* _Instructions for the task_
All of the entries need to be printed again exactly; pictures are the only thing to omit.
*** Block opens ***
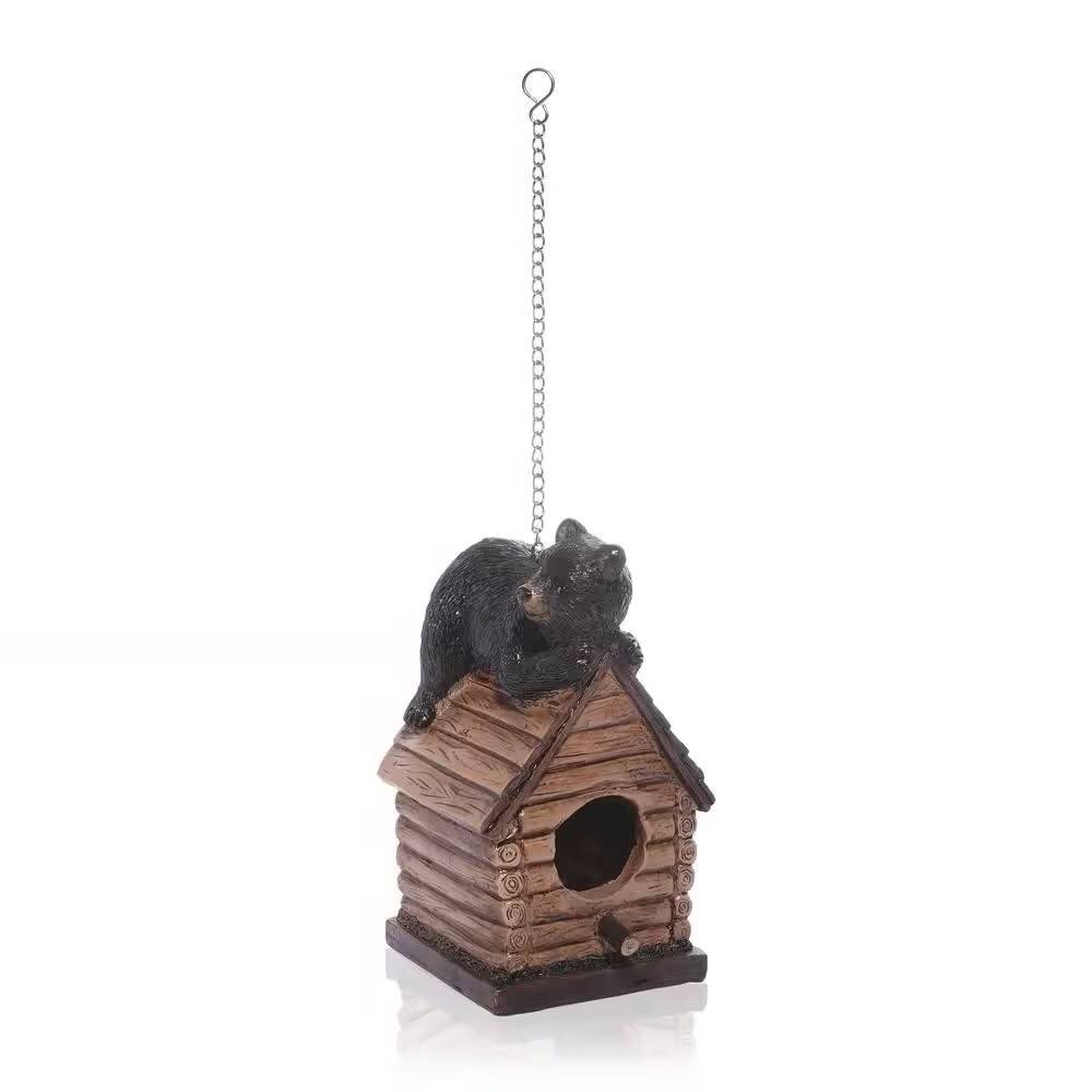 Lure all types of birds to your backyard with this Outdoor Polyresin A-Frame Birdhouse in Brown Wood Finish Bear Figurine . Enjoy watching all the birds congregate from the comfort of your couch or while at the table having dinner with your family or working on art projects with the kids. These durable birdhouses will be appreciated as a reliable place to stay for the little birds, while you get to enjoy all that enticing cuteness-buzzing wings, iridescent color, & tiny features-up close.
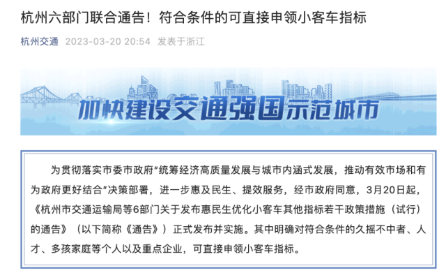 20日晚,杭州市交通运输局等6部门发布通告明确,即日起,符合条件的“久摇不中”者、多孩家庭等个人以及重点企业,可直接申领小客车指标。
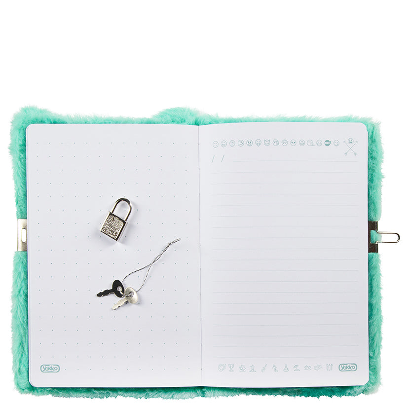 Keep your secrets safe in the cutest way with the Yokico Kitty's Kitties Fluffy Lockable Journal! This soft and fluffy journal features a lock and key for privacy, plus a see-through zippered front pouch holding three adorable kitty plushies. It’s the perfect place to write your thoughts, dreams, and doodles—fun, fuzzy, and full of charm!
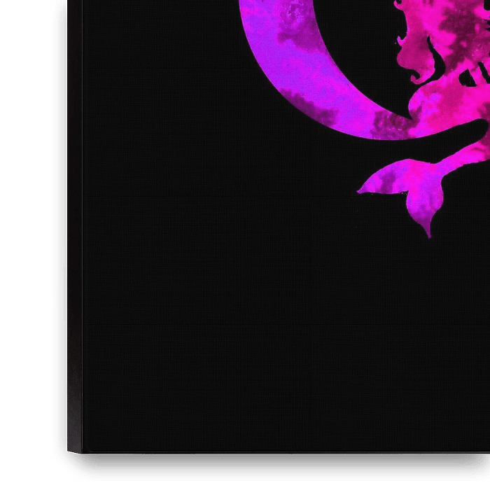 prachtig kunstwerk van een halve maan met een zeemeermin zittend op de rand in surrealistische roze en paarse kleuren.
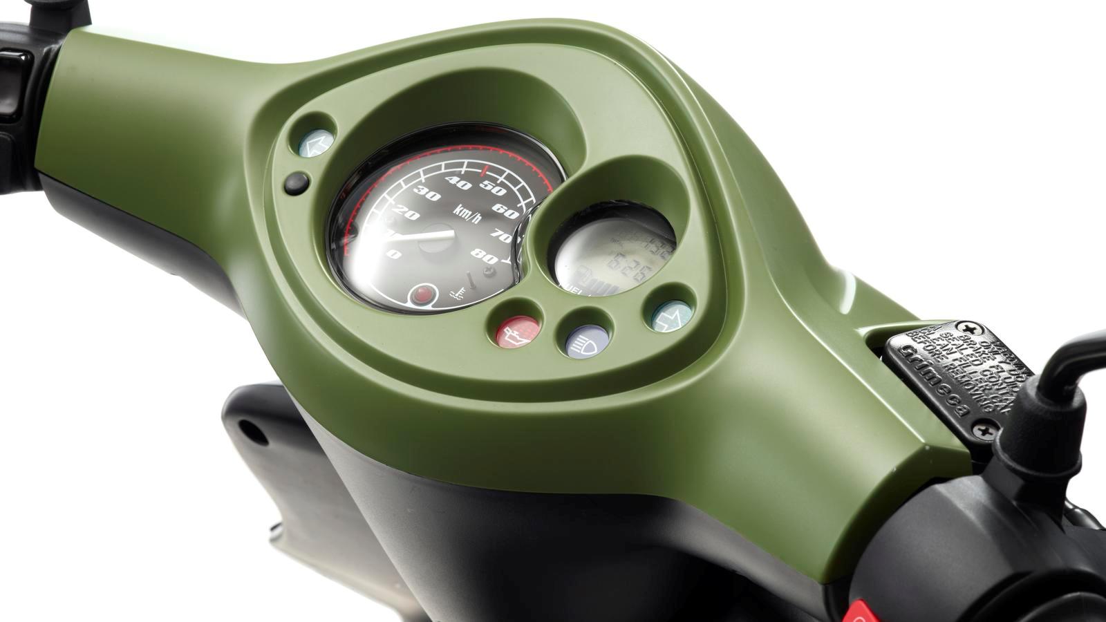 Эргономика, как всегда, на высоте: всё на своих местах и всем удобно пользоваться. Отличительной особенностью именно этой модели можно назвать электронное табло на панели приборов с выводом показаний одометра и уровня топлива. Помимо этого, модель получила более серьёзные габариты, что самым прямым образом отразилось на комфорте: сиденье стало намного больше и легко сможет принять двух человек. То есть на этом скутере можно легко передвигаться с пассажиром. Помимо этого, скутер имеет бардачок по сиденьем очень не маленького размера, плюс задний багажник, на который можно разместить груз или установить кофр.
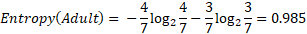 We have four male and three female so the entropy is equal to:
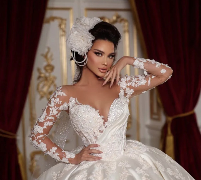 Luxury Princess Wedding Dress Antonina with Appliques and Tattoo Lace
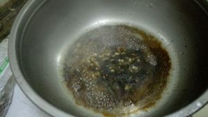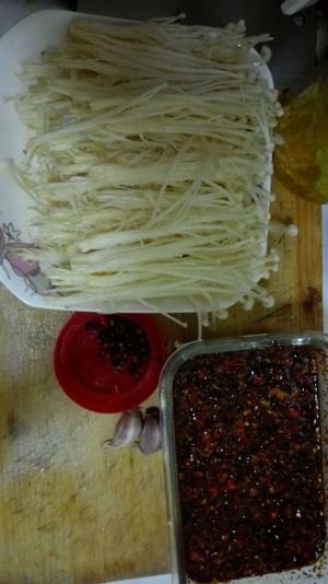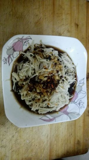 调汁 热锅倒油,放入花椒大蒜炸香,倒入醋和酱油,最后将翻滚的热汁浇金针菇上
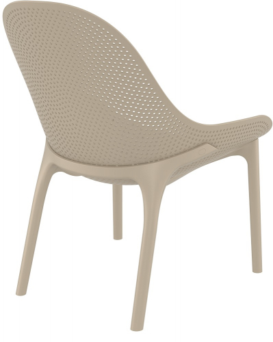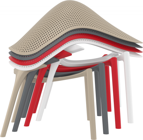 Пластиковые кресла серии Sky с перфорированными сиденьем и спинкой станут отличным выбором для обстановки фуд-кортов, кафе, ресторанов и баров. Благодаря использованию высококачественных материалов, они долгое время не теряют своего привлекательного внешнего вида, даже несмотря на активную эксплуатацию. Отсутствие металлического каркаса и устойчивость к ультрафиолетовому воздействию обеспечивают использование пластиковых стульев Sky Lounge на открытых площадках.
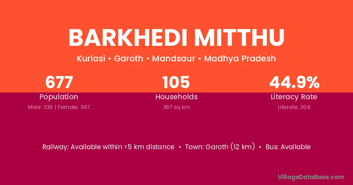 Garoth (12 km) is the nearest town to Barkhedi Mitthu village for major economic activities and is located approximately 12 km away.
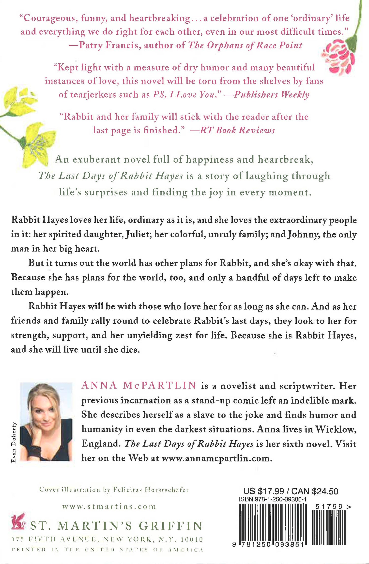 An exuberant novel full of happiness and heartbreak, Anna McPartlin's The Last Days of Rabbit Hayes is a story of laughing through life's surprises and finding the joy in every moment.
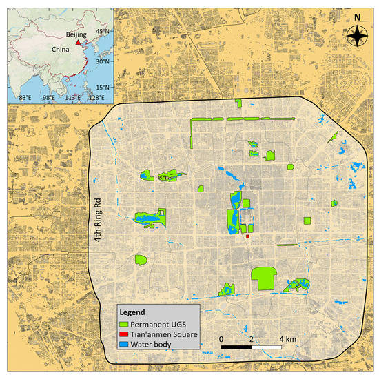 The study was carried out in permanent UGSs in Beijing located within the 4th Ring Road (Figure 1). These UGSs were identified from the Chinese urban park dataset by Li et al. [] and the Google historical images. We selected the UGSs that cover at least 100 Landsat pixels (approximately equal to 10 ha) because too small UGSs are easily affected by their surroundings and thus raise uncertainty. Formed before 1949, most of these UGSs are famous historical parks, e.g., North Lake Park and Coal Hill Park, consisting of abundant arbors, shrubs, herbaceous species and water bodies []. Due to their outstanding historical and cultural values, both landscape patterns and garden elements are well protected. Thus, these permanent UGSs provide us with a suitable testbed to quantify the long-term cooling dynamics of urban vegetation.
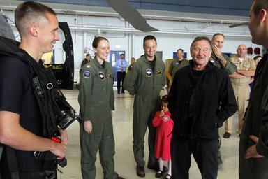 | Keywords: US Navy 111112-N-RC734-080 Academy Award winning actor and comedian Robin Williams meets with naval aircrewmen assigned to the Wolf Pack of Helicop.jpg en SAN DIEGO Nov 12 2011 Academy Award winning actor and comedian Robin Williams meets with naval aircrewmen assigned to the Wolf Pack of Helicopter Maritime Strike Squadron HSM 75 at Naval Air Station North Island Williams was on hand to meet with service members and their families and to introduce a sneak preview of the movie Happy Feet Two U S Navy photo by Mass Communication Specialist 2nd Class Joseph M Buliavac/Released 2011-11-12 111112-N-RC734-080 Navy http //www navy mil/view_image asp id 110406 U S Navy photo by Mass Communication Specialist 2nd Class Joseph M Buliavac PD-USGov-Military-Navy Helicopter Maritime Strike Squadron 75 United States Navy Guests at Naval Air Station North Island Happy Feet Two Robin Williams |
*** Block closes ***
* _Expected answer_
 Lure all types of birds to your backyard with this Outdoor Polyresin A-Frame Birdhouse in Brown Wood Finish Bear Figurine . Enjoy watching all the birds congregate from the comfort of your couch or while at the table having dinner with your family or working on art projects with the kids. These durable birdhouses will be appreciated as a reliable place to stay for the little birds, while you get to enjoy all that enticing cuteness-buzzing wings, iridescent color, & tiny features-up close.
 20日晚,杭州市交通运输局等6部门发布通告明确,即日起,符合条件的“久摇不中”者、多孩家庭等个人以及重点企业,可直接申领小客车指标。
 Keep your secrets safe in the cutest way with the Yokico Kitty's Kitties Fluffy Lockable Journal! This soft and fluffy journal features a lock and key for privacy, plus a see-through zippered front pouch holding three adorable kitty plushies. It’s the perfect place to write your thoughts, dreams, and doodles—fun, fuzzy, and full of charm!
 prachtig kunstwerk van een halve maan met een zeemeermin zittend op de rand in surrealistische roze en paarse kleuren.
 Эргономика, как всегда, на высоте: всё на своих местах и всем удобно пользоваться. Отличительной особенностью именно этой модели можно назвать электронное табло на панели приборов с выводом показаний одометра и уровня топлива. Помимо этого, модель получила более серьёзные габариты, что самым прямым образом отразилось на комфорте: сиденье стало намного больше и легко сможет принять двух человек. То есть на этом скутере можно легко передвигаться с пассажиром. Помимо этого, скутер имеет бардачок по сиденьем очень не маленького размера, плюс задний багажник, на который можно разместить груз или установить кофр.
 We have four male and three female so the entropy is equal to:
 Luxury Princess Wedding Dress Antonina with Appliques and Tattoo Lace
 调汁 热锅倒油,放入花椒大蒜炸香,倒入醋和酱油,最后将翻滚的热汁浇金针菇上
 Пластиковые кресла серии Sky с перфорированными сиденьем и спинкой станут отличным выбором для обстановки фуд-кортов, кафе, ресторанов и баров. Благодаря использованию высококачественных материалов, они долгое время не теряют своего привлекательного внешнего вида, даже несмотря на активную эксплуатацию. Отсутствие металлического каркаса и устойчивость к ультрафиолетовому воздействию обеспечивают использование пластиковых стульев Sky Lounge на открытых площадках.
 Garoth (12 km) is the nearest town to Barkhedi Mitthu village for major economic activities and is located approximately 12 km away.
 An exuberant novel full of happiness and heartbreak, Anna McPartlin's The Last Days of Rabbit Hayes is a story of laughing through life's surprises and finding the joy in every moment.
 The study was carried out in permanent UGSs in Beijing located within the 4th Ring Road (Figure 1). These UGSs were identified from the Chinese urban park dataset by Li et al. [] and the Google historical images. We selected the UGSs that cover at least 100 Landsat pixels (approximately equal to 10 ha) because too small UGSs are easily affected by their surroundings and thus raise uncertainty. Formed before 1949, most of these UGSs are famous historical parks, e.g., North Lake Park and Coal Hill Park, consisting of abundant arbors, shrubs, herbaceous species and water bodies []. Due to their outstanding historical and cultural values, both landscape patterns and garden elements are well protected. Thus, these permanent UGSs provide us with a suitable testbed to quantify the long-term cooling dynamics of urban vegetation.
 | Keywords: US Navy 111112-N-RC734-080 Academy Award winning actor and comedian Robin Williams meets with naval aircrewmen assigned to the Wolf Pack of Helicop.jpg en SAN DIEGO Nov 12 2011 Academy Award winning actor and comedian Robin Williams meets with naval aircrewmen assigned to the Wolf Pack of Helicopter Maritime Strike Squadron HSM 75 at Naval Air Station North Island Williams was on hand to meet with service members and their families and to introduce a sneak preview of the movie Happy Feet Two U S Navy photo by Mass Communication Specialist 2nd Class Joseph M Buliavac/Released 2011-11-12 111112-N-RC734-080 Navy http //www navy mil/view_image asp id 110406 U S Navy photo by Mass Communication Specialist 2nd Class Joseph M Buliavac PD-USGov-Military-Navy Helicopter Maritime Strike Squadron 75 United States Navy Guests at Naval Air Station North Island Happy Feet Two Robin Williams |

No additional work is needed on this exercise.